TIBCOSoftware / genxdm

GenXDM: XQuery/XPath Data Model API, bridges, and processors for tree-model neutral access to XML.
http://www.genxdm.org/
9 stars 4 forks source link

XML output should be potentially consistent with XSLT2/XQuery Serialization spec #20

Open GoogleCodeExporter opened 9 years ago

GoogleCodeExporter commented 9 years ago
http://www.w3.org/TR/xslt-xquery-serialization/

There are two sides of this:

1) we need to be able to support the XML Output Method (section 5)
2) we need to support round-tripping XML, which the XML Output Method doesn't 
permit

For (1), the spec points out that: "Host languages MAY allow users to specify 
any or all of these parameters, but they are not REQUIRED to be able to do so. 
However, the host language specification MUST specify how the value of all 
applicable parameters is to be determined."

Applicable parameters for the XML output method include:

byte-order-mark, cdata-section-elements, doctype-public, doctype-system, 
encoding, indent, media-type, method, normalization-form, omit-xml-declaration, 
standalone, undeclare-prefixes, use-character-maps, version

"Applicable" does not mean that these parameters are necessarily surfaced in 
the API.  For instance, we can specify that "doctype-public isn't settable", or 
"encoding is specified implicitly when an output stream is supplied".  
Normalization might be accomplished through a separate API (conformant with the 
serialization specification).  And so on.

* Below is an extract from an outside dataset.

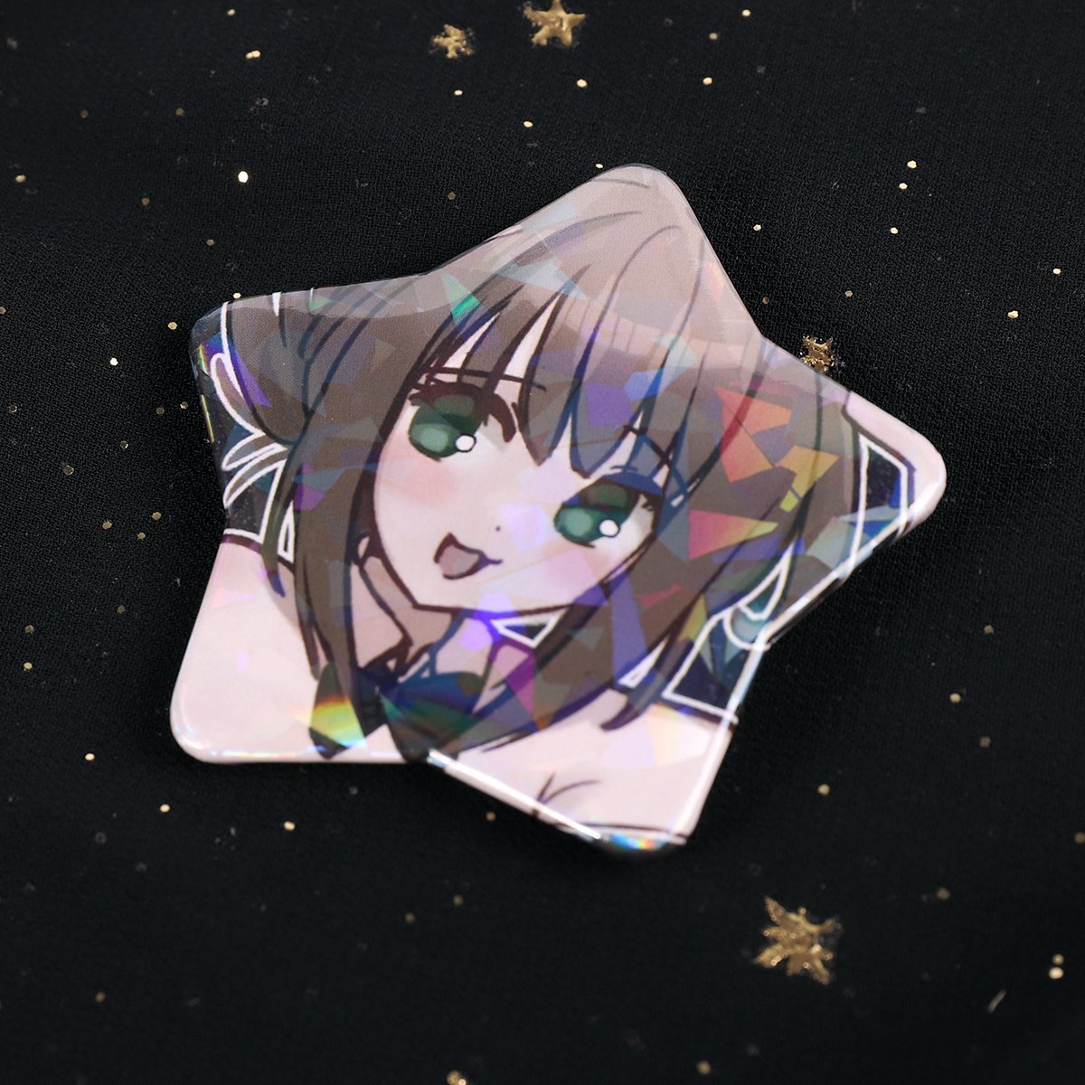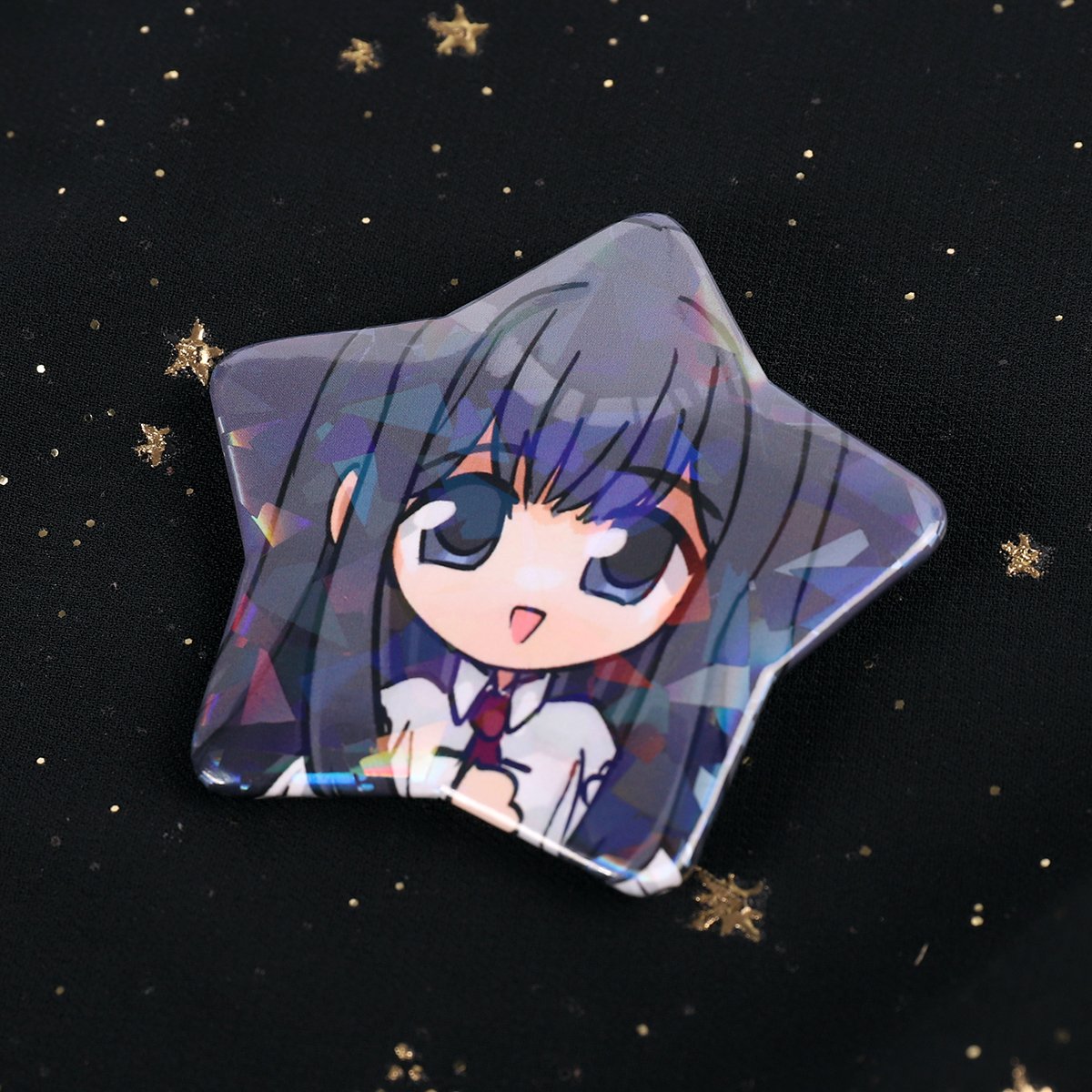 Holographic star badges of Kimika and Zakuro from the psychological horror visual novel, Subarashiki Hibi / Wonderful Everyday.

Speaking very roughly, our current API effectively supports doctype-system, bom 
(implicit/external), encoding (implicit/external), and specifies fixed values 
for doctype-public (none), omit-xml-declaration (no), standalone (omit), 
version (1.0), undeclare-prefixes (no; it's a 1.1 facility), and 
use-character-maps (not allowed).

What's missing: method, cdata-section-elements, indent, media-type, 
normalization-form.  Note that it would be better to permit almost all of the 
"fixed-value" parameters to be specified in *some* fashion.

As it stands, however, our output method is custom, though it does not clearly 
state so.

This brings us to (2). The XML output method prevents round-tripping in 
particular by refusing to permit any internal subset to be output.  This means, 
for instance, that any document containing an internal subset that specifies ID 
or IDREF attributes will be read as having ID and IDREF attributes, but written 
such that those attributes are no longer of type ID and IDREF, and consequently 
read a second time without those types.  Remarkably enough, the serialization 
specification calls these trees "equivalent."  It is somewhat unlikely that 
consumers of such a document would agree.

We broke with the serialization specification (without completely knowing what 
we were doing) when we enabled round-tripping of this information (which 
happens to be rather significant to the XML Security library, for instance).  
We need to recover compatibility, but without ending up in the somewhat bizarro 
world of the XML output method.

In short: we must permit users to specify that they want to enter 
XML-output-method-bizarro-world, but:

a) should default to a different, more useful output method that permits round 
trips; and
b) should do so in such a way that identifies it as a variation

At the same time, we should enable customization of various serialization 
parameters.  The question: what's the best way of doing this?  I'm tempted to 
suggest a "SerializationParameters" interface, or, more simply, a Properties or 
Map argument passed to the document writer.

Recommended:

1) define serialization parameters as a Map<QName, Object>. This permits the 
parameters from the serialization specification, and allows other sorts of 
parameters to be specified by placing them in a different namespace.

2) define our default output method using namespace http://org.gxml.output/, 
localname "default" or "int-subset".

3) add setDefaultParameters(Map<QName, Object> parameters) to 
DocumentHandlerFactory

4) add DocumentHandler newDocumentHandler(Map<QName, Object> parameters) to 
DocumentHandlerFactory, or add this argument to the current two-argument 
newDocumentHandler overload.

5) (in a different defect) make corresponding adjustments to the input-output 
processor.

Original issue reported on code.google.com by aale...@gmail.com on 12 Oct 2010 at 4:36

GoogleCodeExporter commented 9 years ago
I've started some work on this, although it's not really up to par.

At the moment, the attempt to work out how to deal with serialization 
parameters has been added, though it's not extensible (I can do that) and it 
isn't used internally.  But it's a step forward, so marking this accepted.

Original comment by aale...@gmail.com on 4 Apr 2011 at 6:27

GoogleCodeExporter commented 9 years ago
Accepted. We *want* this in 1.0, but it may not happen. I'm gonna stick it 
there, and it may slip.

Original comment by aale...@gmail.com on 26 Jul 2012 at 7:42

GoogleCodeExporter commented 9 years ago
Defer.

Original comment by aale...@gmail.com on 24 Oct 2013 at 5:24